На пике болезни под влиянием видений, «отчасти пугающих, но отчасти опять-таки неописуемо великолепных» (73), у Шребера сформировалось убеждение в неотвратимости великой катастрофы, конца света. Голоса говорили ему, что весь труд 14 000-летнего прошлого потерян и что Земле дано прожить еще только 212 лет (71); в конце своего пребывания в лечебнице Флехсига он считал, что этот срок уже истек. Сам он был «единственным еще оставшимся действительным человеком», а немногочисленные человеческие фигуры, которых он еще видел – врача, санитаров и пациентов, – он объявил «сотворенными чудом, наспех сделанными людьми». Время от времени пробивало себе путь также обратное течение; ему показывали газету, в которой можно было прочесть сообщение о его собственной смерти (81), он сам существовал во второй, неполноценной форме и в ней однажды тихо скончался (73). Но оформление бреда, в котором сохранялось Я, а мир приносился в жертву, оказалось гораздо более сильным. Он по-разному представлял себе причины этой катастрофы; то он думал об оледенении вследствие исчезновения солнца, то о разрушении в результате землетрясения, при этом в качестве «духовидца» он приобретал ту же роль, что и другой духовидец во время землетрясения в 1755 году в Лисабоне (91). Или же виновным был Флехсиг, ибо своим колдовством он сеял среди людей страх и ужас, подрывал основы религии и распространял всеобщую нервозность и безнравственность, в результате чего затем на людей обрушились опустошительные эпидемии (91). В любом случае конец света был следствием конфликта, вспыхнувшего между ним и Флехсигом, или, как изображалась этиология во второй фазе бреда, его ставшей нерасторжимой связи с богом, следовательно, неизбежным результатом его заболевания. Через несколько лет, когда доктор Шребер вернулся в человеческое сообщество и не смог обнаружить в попадавшихся ему книгах, музыкальных произведениях и предметах обихода ничего, что сочеталось бы с его предположением об огромной временной пропасти в истории человечества, он признал, что его точка зрения не может уже оставаться в силе: «…Я не могу не согласиться, что внешне все осталось как было. Но не произошло ли основательное внутреннее изменение», – об этом будет сказано ниже (84–85). Он не мог усомниться в том, что за время его болезни мир погиб, а тот мир, который он видел теперь перед собой, уже был не тот, что прежде.

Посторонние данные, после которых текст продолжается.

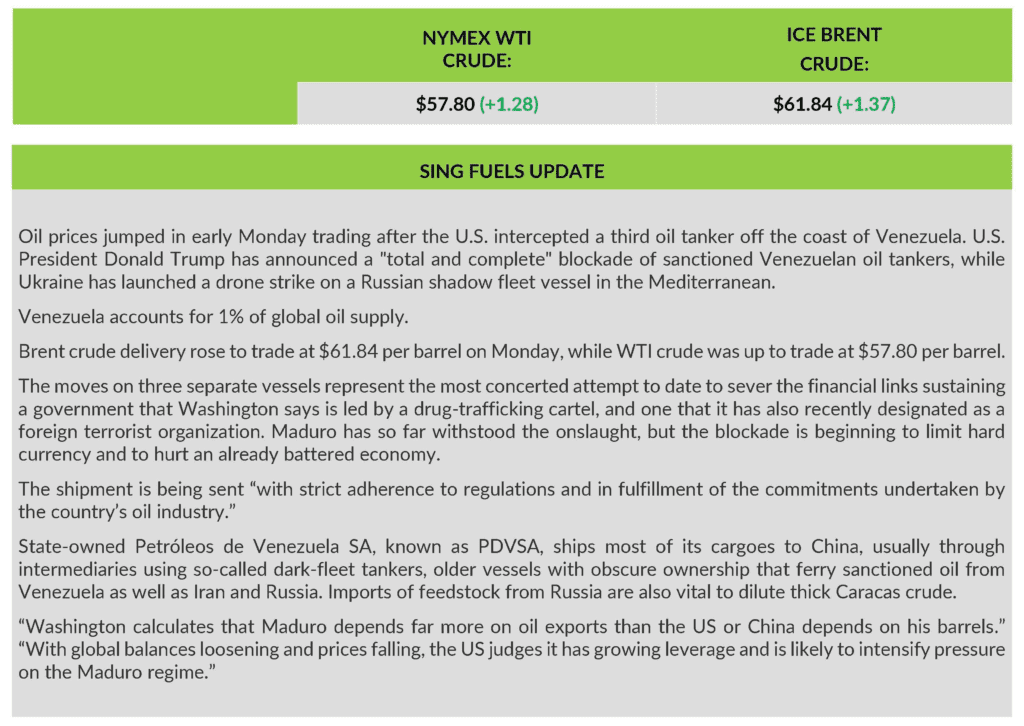 Sing Fuels Daily Report – 22 December 2025 by admin December 22, 2025 December 22, 2025 24 views 232 Brent CrudeChinaG A CPetroleos de Venezuela SA (PDVSA)RussiaRussian shadow fleetUkraineUS President Donald TrumpUSAVenezuelaWTI (West Texas Intermediate) 0 comments 0 FacebookTwitterLinkedinEmail admin previous post Aegean Protective Coatings S.A. and PPG Successfully Apply Cutting-Edge Electrostatic Technology on Greek Shipyards next post Live geopolitical issues at VERGINA TV with Stergios Kalogiros interviewing Lt.Gen(Rt) Lazaros Kambouridis and John Faraclas commenting You may also like Annual marine autonomy study reports new USV ‘arms... April 20, 2026 Market report: Stock markets mixed as Strait re-opening... April 20, 2026 StormGeo strengthens Bunker Management platform with real-time pricing... April 20, 2026 Multimodal Corridors Gain Ground as Supply Chains Reconfigure,... April 20, 2026 Sing Fuels Morning Report – 20 April 2026 April 20, 2026 NYK Line, Golden Island, and Yara Clean Ammonia... April 20, 2026 Procureship strengthens Asia-Pacific presence as key shipowners in... April 20, 2026 D-2 to the French Olympic Week of Hyères... April 18, 2026 From LNG to low‑GHG methane: The next step... April 18, 2026 London based fund with Greek interests, secures the... April 17, 2026 Leave a Comment Cancel Reply Save my name, email, and website in this browser for the next time I comment. Δ

Подобная мировая катастрофа на бурной стадии паранойи – нередкое явление и в историях других больных[147]. Основываясь на нашем понимании либидинозного катексиса, нам будет нетрудно дать объяснение этим катастрофам, если мы будем руководствоваться оценкой других как «наспех сделанных людей»[148]. Больной лишил людей из своего окружения и из внешнего мира вообще либидинозного катексиса, который доселе был обращен на них; тем самым все стало для него безразличным, ни с чем не соотносящимся и нуждающимся в объяснении посредством вторичной рационализации как «Сотворенное чудом, наспех сделанное». Конец света представляет собой проекцию этой внутренней катастрофы; его субъективный мир погиб после того, как он лишил его своей любви[149].

После проклятия, с которым Фауст отрекается от мира, хор духов поет:

Увы! Увы! Разбил ты его, Прекраснейший мир, Могучей рукой. Он пал пред тобой, Разрушен, сражен полубогом! Воспрянь, земнородный, могучий! Мир новый, чудесный и лучший Создай в мощном сердце своем[150].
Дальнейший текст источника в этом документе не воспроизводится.